Hi all, I’m getting used to ML and Julia and am wondering how to properly make use of MLJ’s api. Specifically, I’m not sure what exactly it wants as arguments to MLJ.roc_curve. Here is some code I use to train and evaluate a model:
using DataFrames, CSV, MLJ, DecisionTree, MLDataUtils, Pipe
df = DataFrame(CSV.File("./data.csv"))
df = @pipe (DataFrames.transform(df, [:DGN, :PRE6] .=> x -> parse.(UInt32, SubString.(x, Ref(4))), renamecols=false) |>
DataFrames.transform(_, :PRE14 => x -> parse.(UInt32, SubString.(x, Ref(3:4))), renamecols=false))
using MLDataUtils
y, X = unpack(df[!, Not("id")], ==(:Risk1Yr); rng=123);
(X_train, y_train), (X_val, y_val), (X_test, y_test) = stratifiedobs((X, y), p=(0.7, 0.2));
rf = RandomForestClassifier()
DecisionTree.fit!(rf, Matrix(X_train), y_train)

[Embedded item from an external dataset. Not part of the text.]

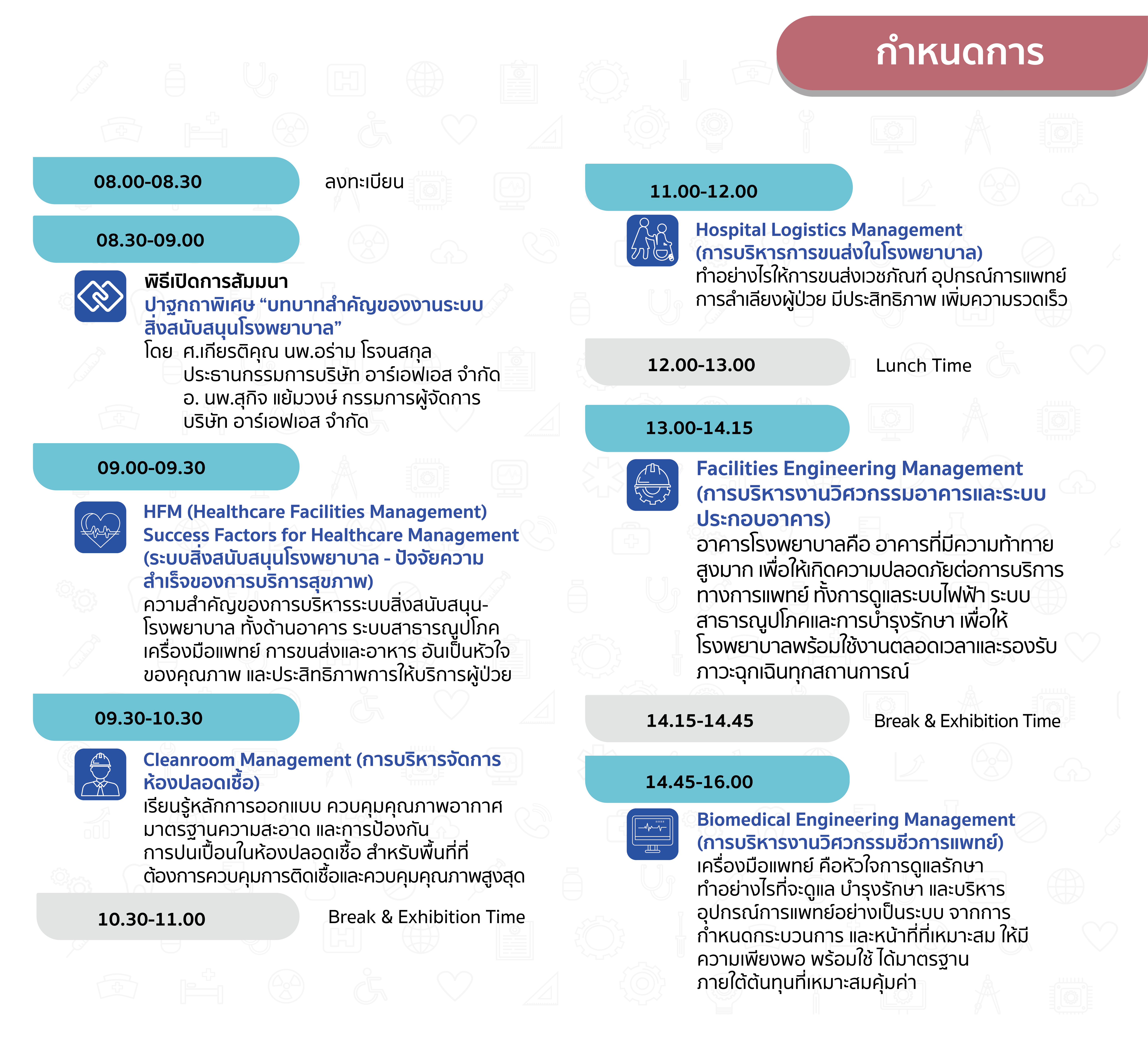 และด้วยประสบการณ์ของบุคลากรที่สั่งสมมา ประกอบกับปัจจุบันโรงพยาบาลต่างๆ ตระหนักเห็นถึงประโยชน์ของการสร้างระบบ HFM ที่สามารถช่วยยกระดับงานด้านสาธารณสุขได้อย่างเป็นรูปธรรม ในปี 2569 บริษัทฯ จึงกำหนดให้จัดสัมมนาในรูปแบบออกสู่ภูมิภาค เพื่อเป็นการเผยแพร่องค์ความรู้แบบเข้าถึงโรงพยาบาลอย่างแท้จริง
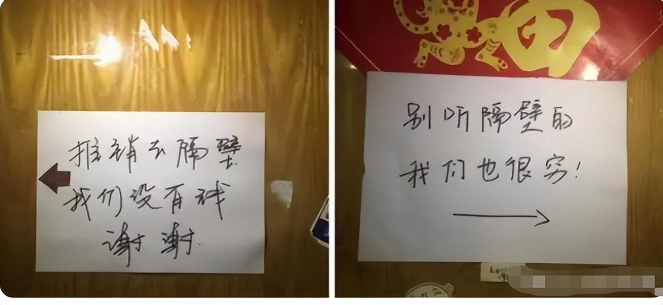 一般人看到这个标语估计连敲门的勇气都没有了,推销员更是直接被吓退。除了他们还有别的大学寝室标语也很搞笑,一个写推销去隔壁,一个写我们也很穷。

preds = DecisionTree.predict_proba(rf, Matrix(X_val))
MLJ.roc_curve(preds[:,2], y_val)
I get the following error:
MethodError: no method matching pdf(::Float64, ::Bool)
Closest candidates are:
pdf(!Matched::Distributions.Logistic, ::Real) at ~/.julia/packages/Distributions/Vkexj/src/univariate/continuous/logistic.jl:81
pdf(!Matched::KernelDensity.BivariateKDE, ::Any, !Matched::Any) at ~/.julia/packages/KernelDensity/bNBAQ/src/interp.jl:32
pdf(!Matched::Distributions.Truncated, ::Real) at ~/.julia/packages/Distributions/Vkexj/src/truncate.jl:133
...
Stacktrace:
[1] _broadcast_getindex_evalf
@ ./broadcast.jl:670 [inlined]
[2] _broadcast_getindex
@ ./broadcast.jl:643 [inlined]
[3] getindex
@ ./broadcast.jl:597 [inlined]
[4] copy
@ ./broadcast.jl:899 [inlined]
[5] materialize
@ ./broadcast.jl:860 [inlined]
[6] roc_curve(ŷm::Vector{Float64}, ym::SubArray{Bool, 1, Vector{Bool}, Tuple{Vector{Int64}}, false})
@ MLJBase ~/.julia/packages/MLJBase/U4Dis/src/measures/roc.jl:48
[7] top-level scope
@ ~/code/julia/mltest/test_mlj.ipynb:17
Any advice?